ケーススタディ:Talkspaceのモバイルアプリ

Sean McGowan

Sean氏はCodalの技術研究者であり、UXデザインからInternet of Thingsなどのトピックに関するブログ記事を書いています。

この記事はUsabilityGeekからの翻訳転載です。配信元または著者の許可を得て配信しています。

UX Case Study: Talkspace Mobile App (2018-02-13)

2018年に進歩が期待されるすべてのデジタルイノベーションの中で、おそらく遠隔医療は特に重要なものでしょう。通信端末による医療サービス管理と定義されている遠隔医療は、スマートフォンを持つすべての人により良く、より安く、そしてよりアクセスしやすい医療を提供します。

前回の人気のモバイルプラットフォームZocdocを検証した記事が好評だったので、Codalはパーソナルヘルスケアアプリの分析を続けることにしました。
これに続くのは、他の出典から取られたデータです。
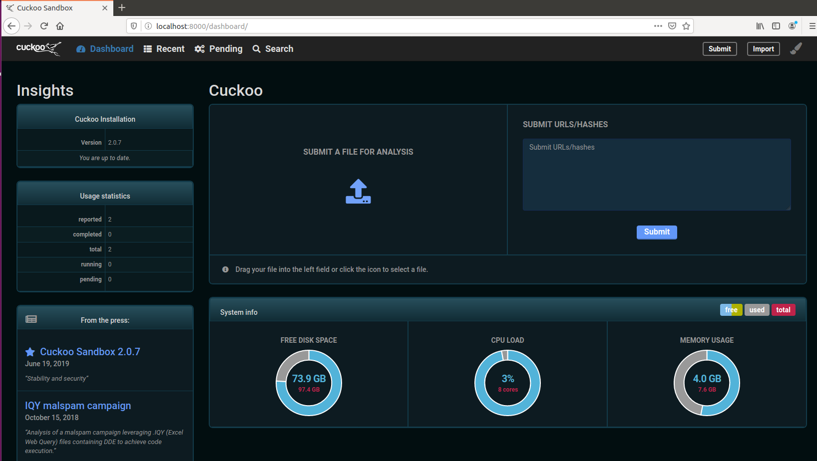 - Click on the URL seen in figure 1.10 to open Firefox with the main web interface of Cuckoo as seen in figure 2.10.

そして、UXの視点を鍛えるために、今度はもっとも人気がある遠隔医療アプリの1つであるTalkspaceの分析をしようと考えました。

2012年に設立されたTalkspaceは、遠隔心理療法を提供する有資格のセラピストやカウンセラーとユーザーをつなぎます。良いセラピストを探したり、予約を入れる必要はありません。アプリは適切な専門家とユーザーをつなぎ、電話やビデオ、音声、またはアプリ内チャットを通じてすべての治療が提供されます。

昨年、Talkspaceは、50万人のユーザー1,000人以上のセラピストが登録していると発表しました。この遠隔医療のプラットフォームは大きな成功を収めています。そこでiPhone 7の最新版をダウンロードして、モバイルユーザー体験を提供しているか確かめました。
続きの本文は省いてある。